The court finds that plaintiffs lack the necessary standing to raise the question of the unconstitutionality of § 6312(b), and therefore dismisses the petition for a three-judge court for want of jurisdiction. See American Commuters Association, Inc. v. Levitt, 405 F.2d 1148 (2d Cir. 1969); Flast v. Gardner, 267 F.Supp. 351 (S.D.N.Y. 1967). Upon the record before the court at this time, it is far from clear that any of these plaintiffs has "a personal stake in the outcome of the controversy." Flast v. Cohen, 392 U.S. 83, 101, 88 S.Ct. 1942, 1953, 20 L.Ed.2d 947 (1968), quoting from Baker v. Carr, 369 U.S. 186, 204, 82 S.Ct. 691, 7 L.Ed.2d 663 (1962). To the contrary, the record discloses that plaintiffs' attack on the statute in question is of "a hypothetical or abstract character," and that, consequently, this case represents one of those "ill-defined controversies over constitutional issues" which federal courts ought not to be asked to decide. Flast v. Cohen, supra, 392 U.S. at 100, 88 S.Ct. 1952, citing respectively, Aetna Life Insurance Co. v. Haworth, 300 U.S. 227, 240, 57 S.Ct. 461, 81 L.Ed. 617 (1937); United Public Workers v. Mitchell, 330 U.S. 75, 90, 67 S.Ct. 556, 91 L.Ed. 754 (1947).
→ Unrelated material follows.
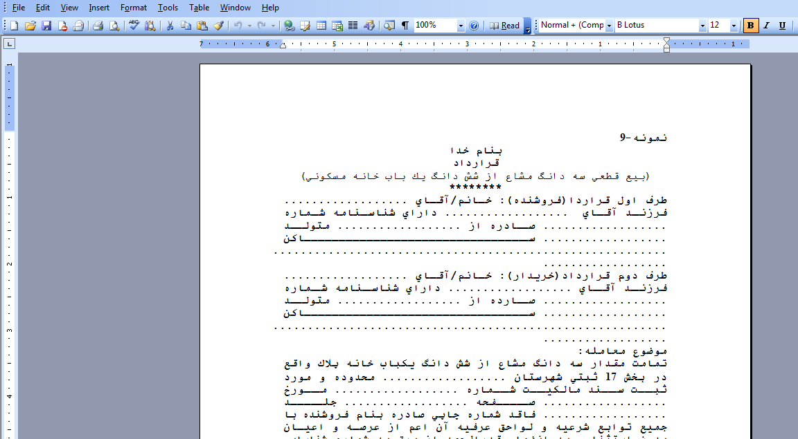 دانلود قرارداد سه دانگ مشاع از شش دانگ يك باب خانه مسكوني

Plaintiffs are tenants of two of the three remaining occupied apartments in 131 West 80th Street, New York City, a building being subjected to great structural and interior changes around them. The complaint alleges that the building is "presently undergoing substantial demolition." A motion for a temporary injunction to halt such activity on the part of the building owner was denied on February 19, 1970 by Justice Nadel, Stashio v. Evangelista, No. 1752/70, (New York Supreme Court, Special Term Part I), with leave to renew in the event defendants did not consent to an immediate trial. At that time Justice Nadel found that "the papers presented by the opposing parties were sharply in conflict thus precluding a determination in the absence of a plenary hearing."

Defendants in the state action did not consent to immediate trial, and a motion for a preliminary injunction was made before Justice McCaffrey, a defendant here. He denied that motion on April 2, 1970 in an opinion which forms the basis of the present controversy. That opinion reads in pertinent part as follows:

* * * Work is being done under a Building Department permit. Undoubtedly, inconvenience must ensue. * * * It does not clearly appear that defendants are harassing or whether there is harassment on both sides.